Monday, March 21, 2011

windy spring= disappearing snowpack

The snowpack in the northern San Juan mountains is still looking pretty good at 113% of normal. However, every spring we get these nice breezes that move the red dust from the desert landscape of Utah and Arizona to the mountains of SW Colorado. Between the sublimation of snow in these warm winds and the decrease in surface albedo from the dark dust, we can lose a large portion of our snowpack in just one wind event.

This "weather story" is courtesy of the National Weather Service explaining what we have in store for today and tonight. The first major wind event of the new spring. Notice how the SW winds come from the deserts right onto the southern mountains. Through most of the winter much of the west was damp, but now it seems that the snotel sites in New Mexico and Arizona are showing snowpack percentages in the single digits. Not a good sign at the END of winter.

Wednesday, March 16, 2011

The Cutler divided and undivided

Back in the Permian the Uncompahgre Mountains in western Colorado were experiencing extensive erosion and creating some great alluvial fans to the west all the way into now what is Utah. These red beds, now called the Cutler formation after a small creek just north of Ouray CO can be seen from western Colorado into central Utah. What is interesting is that the Cutler seems to have two sets of identities. In western Colorado, extreme eastern Utah and other places along the Colorado River we find the Undivided Cutler.

The undivided identity is a thick mix of irregular collection of dark red, lumpy sandstones, mudstones and conglomerates.

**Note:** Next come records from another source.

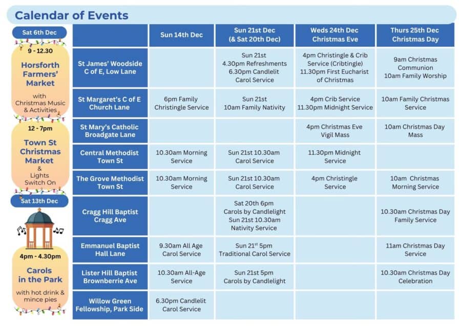 - You can find details of the Christmas services in Horsforth below and find out more about Horsforth Churches Together on their website.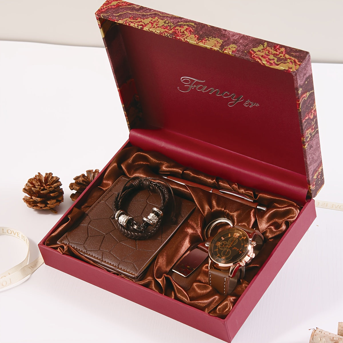 Christmas Gift Box Set of Six, Wallet + Watch + Bracelet + Keychain + Pen + Wooden Gift Box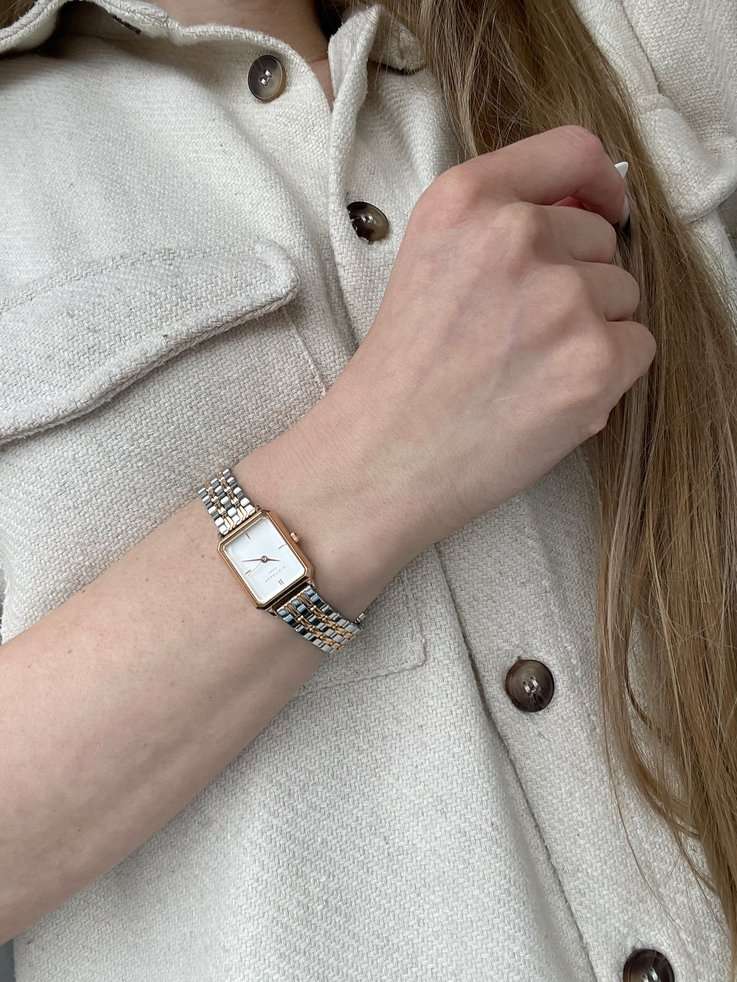 Женские кварцевые часы. Центральные часовая, минутная и секундная стрелки. Серебристый циферблат. Восьмиугольный корпус выполнен из металла с IP покрытием цвета розового золота. Размер корпуса составляет 19,5 х 24 мм, толщина 7 мм. Стальной браслет с частичным покрытием, браслетная застежка. Прочное минеральное стекло устойчивое к мелким механическим повреждениям. Водостойкость WR 30 (брызги).

The divided sequence looks a little different. It too has the debris from the Uncompahgre Mountains but it also shows a more complex geologic story. The earliest layers show a shale/limestone mix complete with fossils indicating a marine origin. Resting above the limestone is the Cedar Mesa Sandstone an inter-fingering of near beach white sandstone and the red from the Uncompahgre Mountains showing a changing sea level. The sequence is finally topped with a brilliant white aeolian sandstone showing again a very different environment.

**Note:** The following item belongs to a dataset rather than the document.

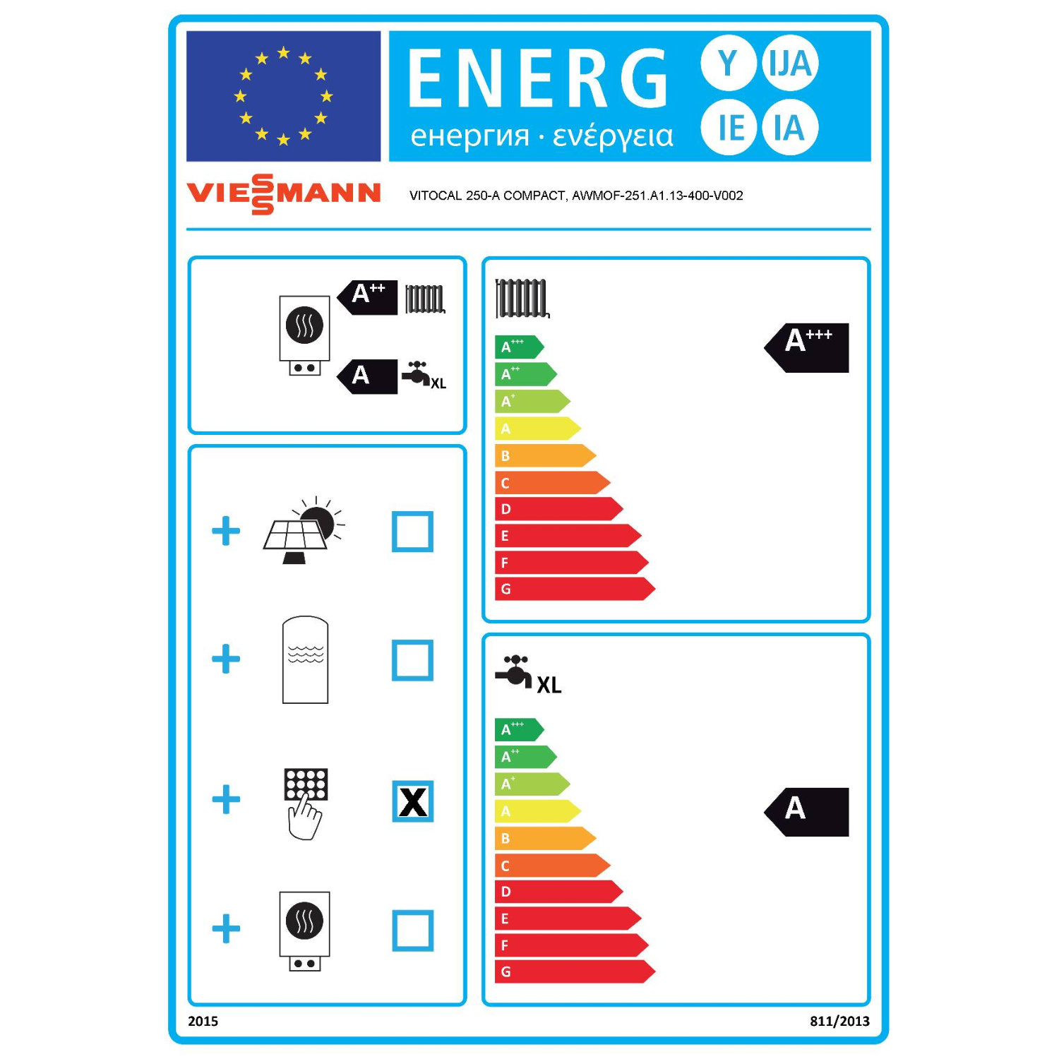 - Raumheizungs-Energieeffizienzklasse Mitteltemperatur, durchschnittliches Klima: A+++

Taken from the Colorado River overlook. The Undivided Cutler in the foreground with the Needles of the Cedar Mesa Sandstone of the divided Cutler in the background.

A closer look at the Undivided Cutler looking down at the Colorado River

Monday, March 7, 2011

AW #32. Favorite images The anticline overlook

Ann said the festivities don't start until tomorrow night so I have a chance to hand this in late! Thanks!

This was taken from the appropriately named "Anticline Overlook" of the Canyon Rims Recreation Area in eastern Utah. The anticline is obvious, you can see the upward curve of the rock units. I love the part where the river cuts through the anticline making a natural road cut.

The river cuts through the Permian age Cutler formation, the left overs from the formation of the Ancestral Rockies. The upward arching of these rocks is from the squishing (a very technical term) of a buried salt layer. Far below the Cutler lies the Pennsylvanian Paradox formation, a mile thick layer of salt that has a tendency to move about creating some fun landscapes in the desert southwest. The buildings and ponds you see in the picture are a potash mine. Water is pumped underground into the Paradox layer, dissolves the salts and the brine is pumped back to the surface into the blue evaporation ponds in the background. The water evaporates away leaving the salts for transport.

The fun part of this area are the roads. They are barely visible in the picture but they travel hundreds of miles through the red rock desert . A mountain biking heaven!